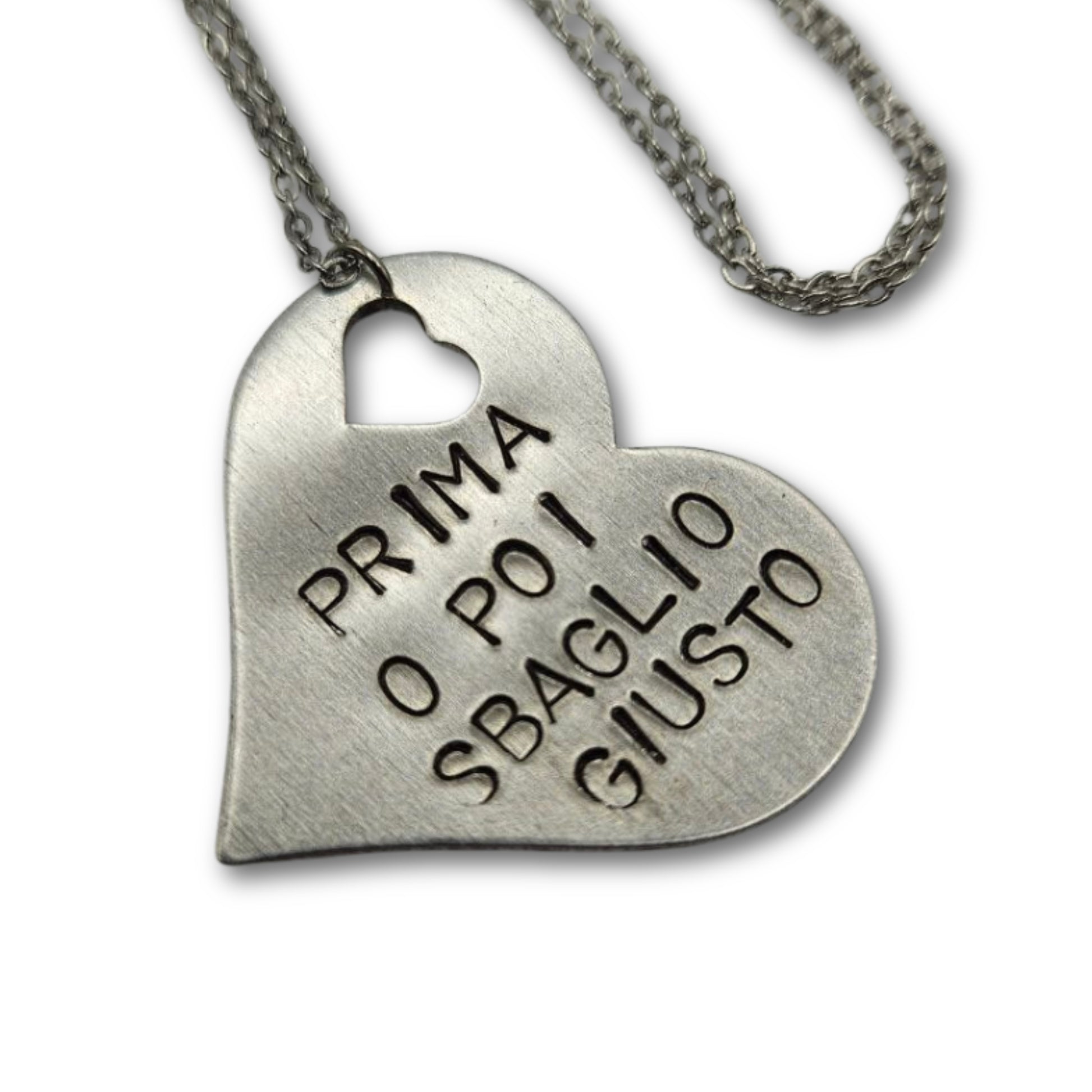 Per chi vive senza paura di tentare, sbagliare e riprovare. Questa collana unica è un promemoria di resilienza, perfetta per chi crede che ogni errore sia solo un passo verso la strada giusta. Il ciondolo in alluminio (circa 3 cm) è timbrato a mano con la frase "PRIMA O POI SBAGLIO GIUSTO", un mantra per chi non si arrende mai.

■ ■ ■ ■

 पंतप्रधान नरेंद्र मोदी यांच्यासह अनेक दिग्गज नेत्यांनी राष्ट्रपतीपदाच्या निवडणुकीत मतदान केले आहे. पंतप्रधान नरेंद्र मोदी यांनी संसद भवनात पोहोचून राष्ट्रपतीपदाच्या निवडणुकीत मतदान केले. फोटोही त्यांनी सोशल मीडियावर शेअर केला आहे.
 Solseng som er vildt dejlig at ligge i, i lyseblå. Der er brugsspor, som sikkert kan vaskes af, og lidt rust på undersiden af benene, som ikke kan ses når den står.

■ ■ ■ ■

Assigned task:
Everything above from the line containing "पंतप्रधान नरेंद्र मोदी यांच्यासह" down to the line containing "Solseng som er" is to be transcribed exactly, with both of those lines included and nothing else added.

Answer section:
 पंतप्रधान नरेंद्र मोदी यांच्यासह अनेक दिग्गज नेत्यांनी राष्ट्रपतीपदाच्या निवडणुकीत मतदान केले आहे. पंतप्रधान नरेंद्र मोदी यांनी संसद भवनात पोहोचून राष्ट्रपतीपदाच्या निवडणुकीत मतदान केले. फोटोही त्यांनी सोशल मीडियावर शेअर केला आहे.
 Solseng som er vildt dejlig at ligge i, i lyseblå. Der er brugsspor, som sikkert kan vaskes af, og lidt rust på undersiden af benene, som ikke kan ses når den står.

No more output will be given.